But when Facebook experimented with the algorithm that selected the items for the news feeds of individual users, many users were deeply troubled, as discussed by panelists in a session titled "Massive Online Experiments: Practical Advice." The so-called emotional contagion experiment of 2012 (published in 2014) altered the news feeds of about 700,000 users to see if their emotions changed (as evidenced by the language of their postings) in response to changes in the emotional content of their news feeds.
There could be a number of reasons for the backlash, said Duncan Watts, principal researcher at Microsoft Research. The word "experiment" has negative associations with rats and petri dishes, he said, while the need to resort to an experiment implies disappointing ignorance on the part of those running things, he said. Meanwhile, people are not comfortable with machine-based randomization, although it is integral to many experiments, he added, as they would rather believe that humans are making the choices.

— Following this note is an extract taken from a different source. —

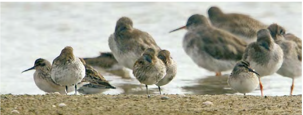
490 Aziatische Goudplevier / Pacific Golden Plover Pluvialis fulva , adult, Ottersaat, Texel, Noord-Holland, 18 augustus 2010 ( Eric Menkveld ) 491 Grijsze Strandloper / Semipalmated Sandpiper Calidris pusilla , met Bonte Strandloper / Dunlin C alpina , 't Vroon, Westkapelle, Zeeland, 23 juli 2010 ( Jaap Denee ) 492 Breedbekstrandloper / Broad-billed Sandpiper Limicola falcinellus , juveniel, Eemshaven-West, Groningen, 24 augustus 2010 ( Martijn Bot ) 493 Breedbekstrandloper / Broad-billed Sandpiper Limicola falcinellus , juveniel, Balgzandpolder, Den Helder, Noord-Holland, 22 augustus 2010 ( Fred Visscher ) 494 Breedbekstrandlopers / Broad-billed Sandpipers Limicola falcinellus , juveniele (twee, links en rechts), Balgzandpolder, Den Helder, Noord-Holland, 25 augustus 2010 ( Jan den Hertog )

Jeff Hancock, a Stanford University professor who was involved in the study, analyzed the hate mail he got, and found four themes. Some asked, "How dare you manipulate my news feed" although it was always generated by an algorithm of some sort. Others accused him of attempted mind control. Some complained that the news feed was important to them. And some asked if they were part of the experiment.
But the biggest problem, he added, was probably that Facebook violated their expectations. "They thought of it as a platform, and platforms don't experiment on people," he said.
Consent is not always required for such experiments -- especially when the users are exposed to minimal risks, added Hancock.
Elizabeth Churchill, Google's director of user experience, told the conference that designers should routinely design experiments to support their design decisions as part of the process of creating a user experience, using qualitative and quantitative measures that can work together to improve overall quality.